We expanded our analysis to TCGA data25 for 22 cancer types with ≥20 samples in both female and male groups (Supplementary Table 3). Mutation, gene expression and protein expression were obtained from TCGA (https://portal.gdc.cancer.gov/). The value of aneuploidy, the richness of T cell receptor/B cell receptor (TCR/BCR) and neoantigen load were obtained from Thorsson et al.39 (https://gdc.cancer.gov/about-data/publications/panimmune). Immune checkpoint genes with known co-stimulatory or co-inhibitory effects in T cells were obtained from Auslander et al.40 We used gene set variation analysis41 (GSVA) to compute the relative abundance of the immune cell population and GEP level in each sample based on the gene signatures of six immune cell populations from Charoentong et al.42 and the GEP gene signature from Ayers et al.14 CYT was calculated as the geometric mean of the gene expression of two cytolytic markers (GZMA and PRF1)43. To balance potential confounding factors, including age at diagnosis, race, smoking status, tumor stage, histological type and tumor purity, between female and male patients, we used the propensity score algorithm26. The patient’s age and tumor purity are continuous variables, and remained confounding factors are categorical variables. Briefly, we first calculated the propensity score using logistic regression, with sex as the dependent variable, and used matching weight scheme44 to reweight samples based on their propensity scores. We checked the covariate balance after propensity score weighting using the standardized difference, which is defined by mean covariate difference between the two comparison groups divided by pooled standard deviation. We then compared the molecular features between these two balanced groups and considered FDR < 0.2 as significance.
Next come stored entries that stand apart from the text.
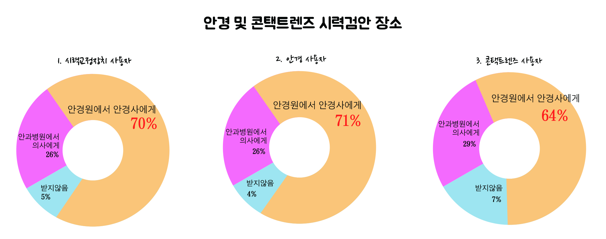 ‘안경원에서 안경사에게 시력 검안을 받는다’고 답한 응답자는 안경 사용자가 71%, 안경과 콘택트렌즈 동시 사용 응답자는 70%, 콘택트렌즈만 사용하는 응답자는 64%로 ‘안과에서 받는다’고 답한 응답자보다 훨씬 많았다. 이는 안경원이 얼마나 국민들에게 친숙한 장소로 인식되고 있는지 잘 나타내주는 결과로 보여진다.
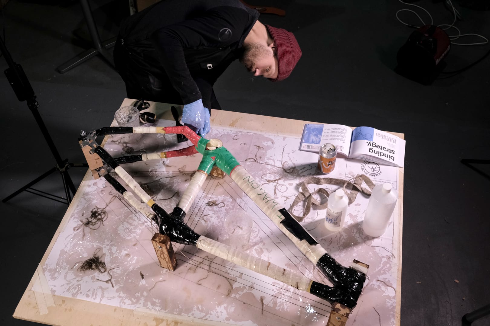 ‘Urgh! It’s disgusting!’ My nose wrinkles and I recoil slightly at the sight in my hands. Gloved fingers are pinching a strip of hemp, saturating the fabric with epoxy as I run my fingertips from the top down to the bottom, collecting and expunging big gobs of translucent epoxy along the way. If anyone was to walk in now, I imagine it looks like I’m harvesting alien eggs in a ghetto laboratory. The two-part epoxy has been reacting for about 20 minutes now, and it’s quite warm in my hands. It’s a weirdly enjoyable experience, while also being very, very messy. I think I’ve ruined my new shirt.
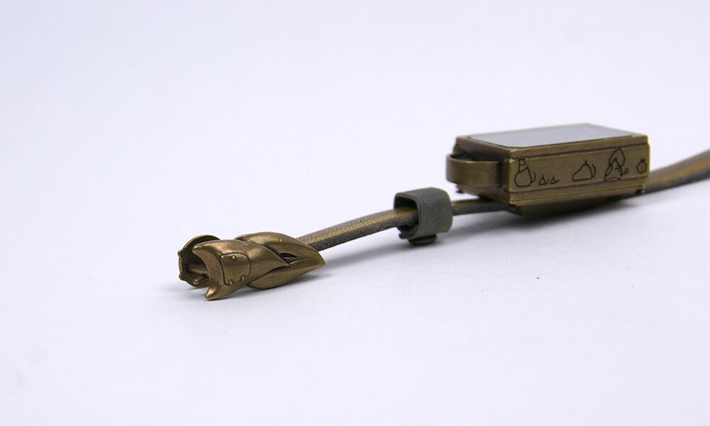 「トキのはざまを表すツートンカラーの革ベルト」・・・ベルトはトキのはざまを表すツートンカラーの革ベルトです。
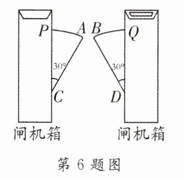 6.[2023·常州二模]如图是一个地铁站入口的双翼闸机.它的双翼展开时,双翼边缘的端点A与B之间的距离为10 cm,双翼的边缘AC = BD = 54 cm,且与闸机侧立面夹角∠PCA = ∠BDQ = 30°.当双翼收起时,可以通过闸机的物体的最大宽度为________cm.

Data analysis of independent data sets

To further confirm the contextual sex-biased effect, we obtained two independent data sets with TMB for melanoma patients from Australia (Skin Cancer—Australia [MELA-AU]) and Brazil (Skin Adenocarcinoma—Brazil [SKCA-BR]) through the International Cancer Genome Consortium project (https://dcc.icgc.org/). We obtained two independent data sets with gene expression data for patients with lung cancer (GSE47115)32 and clear cell renal cell carcinoma (ccRCC) patients (GSE73731)31. Statistical analysis was performed using propensity score algorithm described above, and we considered FDR < 0.2 as significance.

Number of ICB clinical trials

We searched “immune checkpoint blockade clinical trials” across all cancer types on ClinicalTrials.gov by April 16, 2019 for status as completed and as active, not recruiting. We retained cancer types with at least two clinical trials. We classified treatment strategies, including anti-PD-1 (pembrolizumab, nivolumab, cemiplimab), anti-PD-L1 (atezolizumab, avelumab, durvalumab) and anti-CTLA-4 (ipilimumab, tremelimumab), in each cancer type.

Reporting summary

Further information on research design is available in the Nature Research Reporting Summary linked to this article.